- **What this task involves**: Only the lines from the first line of the entries through the line with "2021年淮北市直機(jī)關(guān)第一幼兒園招聘教師公告" belong in the answer, each restated word for word and without pictures.

- **Supplied records**:
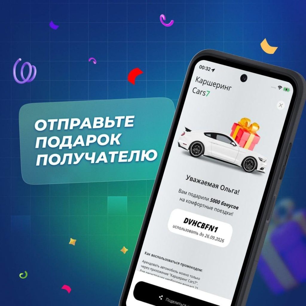 Теперь в приложении каршеринга Cars7 можно оформить подарочный сертификат.
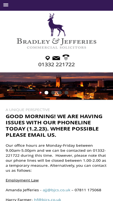 100%bradley and jefferies are commercial, corporate and employment law solicitors in derby in the east midlands, dealing disputes, commercial property law and contracts. we work throughout derbyshire, staffordshire and leicestershire and as most of the uk
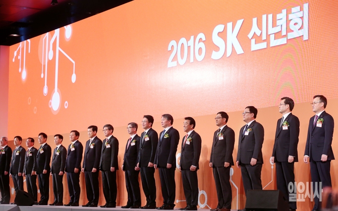 최근 혼외로 아이를 둔 사실을 고백해 파문을 일으키고 있는 최태원 SK그룹 회장이 4일 오전 서울 광장동 워커힐호텔에서 열린 그룹 신년하례회에 참석하고 있다.
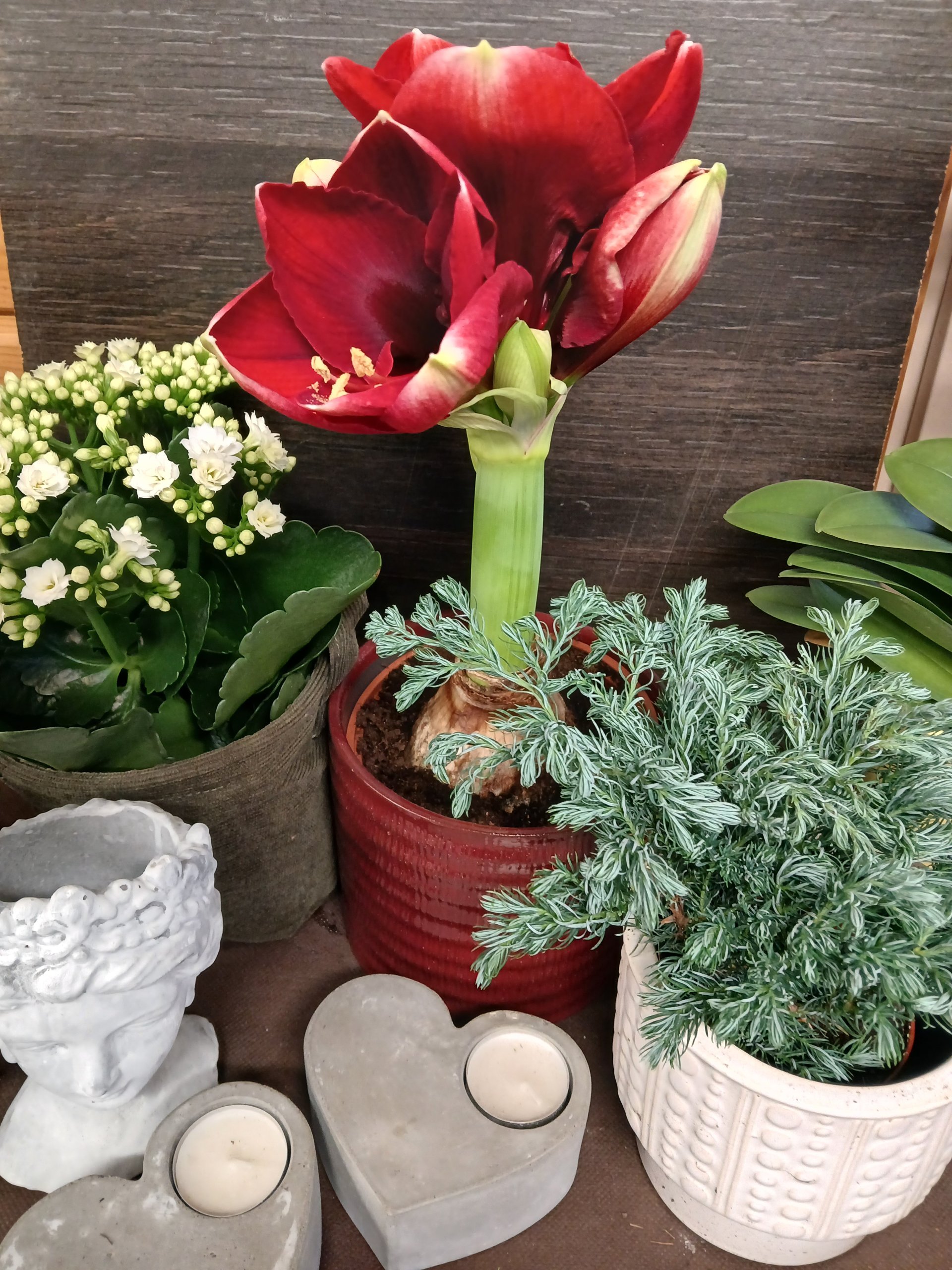 Ennen joulua myymälästä löytyvät kanervat ja muut syyskukat, pakkasten lisääntyessä myös sisäkukat muuttuvat jouluisemmiksi ja marraskuussa jo saakin atsaleaa ja amaryllistä, tulilatvojen värit muuttuvat kauden mukaan, joulua kohti oranssista valkoiseen ja punaisen sävyihin.
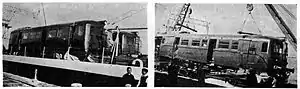 Drewry railcars being unloaded in Puerto Deseado, 1949.
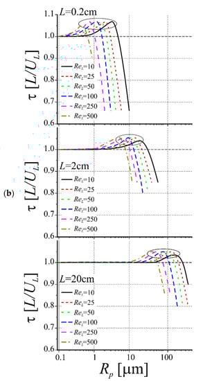 Residence times of the particles against the radii τ (Rp) for various L values: (a) for ReL = 25 and (b) for ReL = 250.
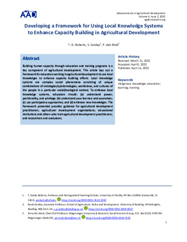 Developing a framework for using local knowledge systems to enhance capacity building in agricultural development.
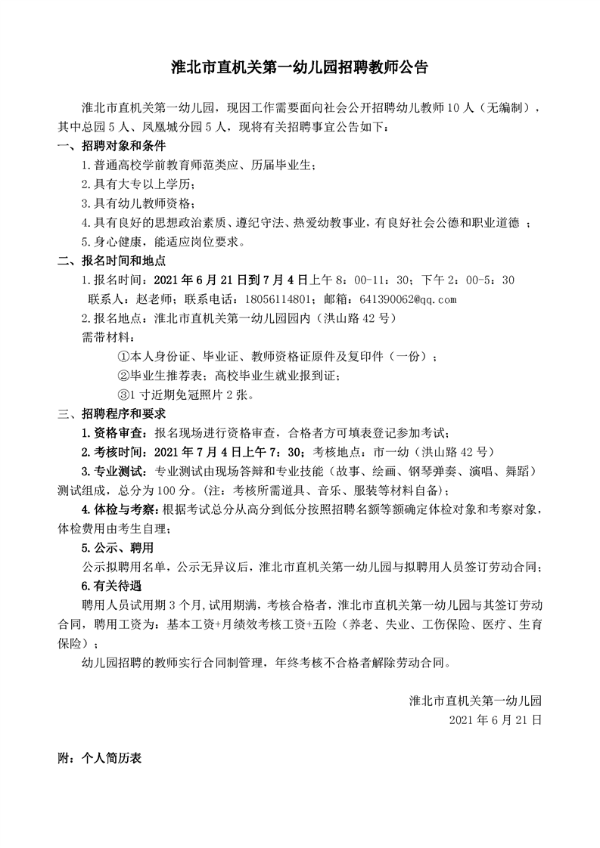 2021年淮北市直機(jī)關(guān)第一幼兒園招聘教師公告
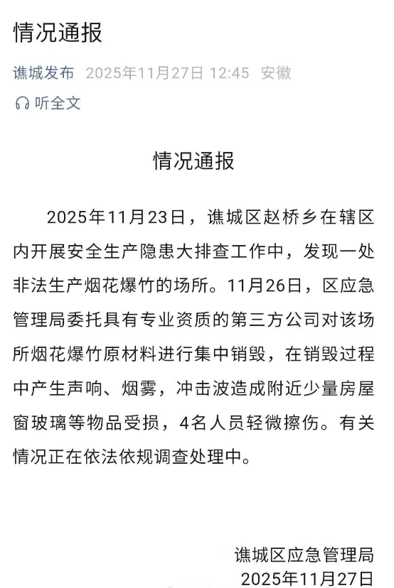 11月27日,安徽亳州谯城区应急管理局发布情况通报:2025年11月23日股票按天配资,谯城区赵桥乡在辖区内开展安全生产隐患大排查工作中,发现一处非法生产烟花爆竹的场所。11月26日,区应急管理局委托具有专业资质的第三方公司对该场所烟花爆竹原材料进行集中销毁,在销毁过程中产生声响、烟雾,冲击波造成附近少量房屋窗玻璃等物品受损,4名人员轻微擦伤。有关情况正在依法依规调查处理中。
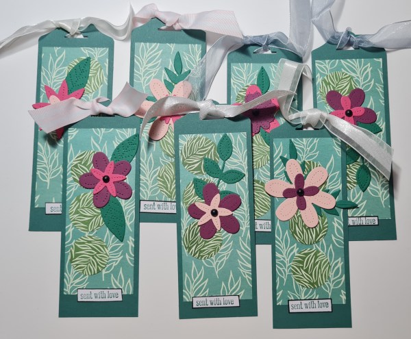 Then I went through the ribbon stash to find bits that worked with the colours in the tags.
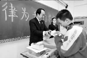 12月3日,河北省石家莊市長安區(qū)檢察院在河北師大附中舉行了“送法進校園”活動。圖為檢察干警將《未成年人網絡自護手冊》送到同學們手中。本報記者過虹 通訊員時寶喆攝
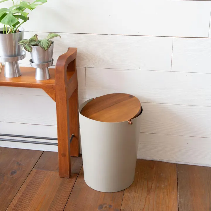 ガルバナイズ(亜鉛メッキ鋼板)に塗装を施した本体に、やさしい木の回転蓋を組み合わせたダストボックス。中身が見えない構造で、空間に溶け込むように生活感を包み込みます。袋をしっかり固定できる内側リング付きで、見た目だけでなく使いやすさにも配慮しました。カラーはインテリアになじみやすい2色展開で、ゴミ箱であることを忘れるような、佇まいの美しい日用品です。 鉄板の表面に亜鉛メッキ加工を施した素材のガルバナイズ。鉄の強さと亜鉛の防サビ効果を兼ね備えています。
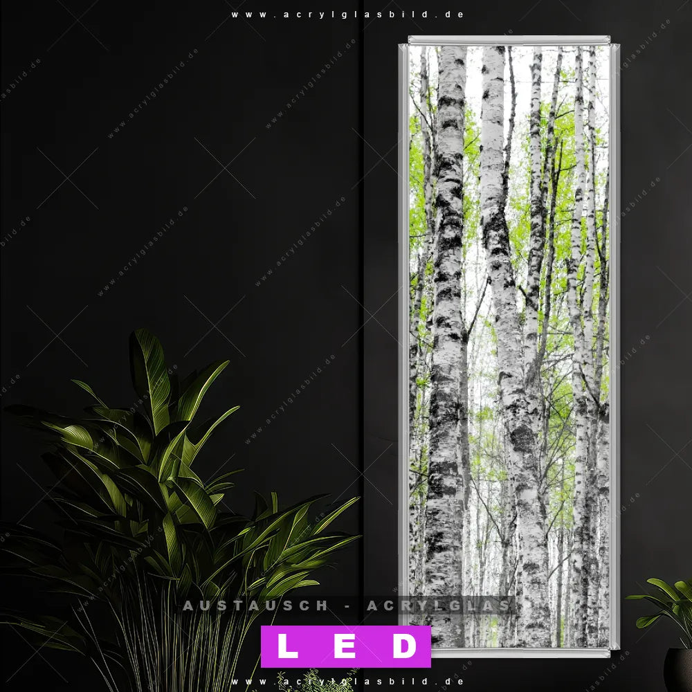 Begriffe wie Wald, Landschaft, Bäume, Natur, Birken, Ruhe, Stille haben dich auf der Suche nach deinem neuen Austausch-Acrylglasbild inspiriert? Dann sollte das Wechsel-Acrylglasbild Birkenstämme für dein bereits vorhandenes LED Acrylglasbild Canvalight® DIA den Weg zu dir finden.

- **Expected answer**:
 Теперь в приложении каршеринга Cars7 можно оформить подарочный сертификат.
 100%bradley and jefferies are commercial, corporate and employment law solicitors in derby in the east midlands, dealing disputes, commercial property law and contracts. we work throughout derbyshire, staffordshire and leicestershire and as most of the uk
 최근 혼외로 아이를 둔 사실을 고백해 파문을 일으키고 있는 최태원 SK그룹 회장이 4일 오전 서울 광장동 워커힐호텔에서 열린 그룹 신년하례회에 참석하고 있다.
 Ennen joulua myymälästä löytyvät kanervat ja muut syyskukat, pakkasten lisääntyessä myös sisäkukat muuttuvat jouluisemmiksi ja marraskuussa jo saakin atsaleaa ja amaryllistä, tulilatvojen värit muuttuvat kauden mukaan, joulua kohti oranssista valkoiseen ja punaisen sävyihin.
 Drewry railcars being unloaded in Puerto Deseado, 1949.
 Residence times of the particles against the radii τ (Rp) for various L values: (a) for ReL = 25 and (b) for ReL = 250.
 Developing a framework for using local knowledge systems to enhance capacity building in agricultural development.
 2021年淮北市直機(jī)關(guān)第一幼兒園招聘教師公告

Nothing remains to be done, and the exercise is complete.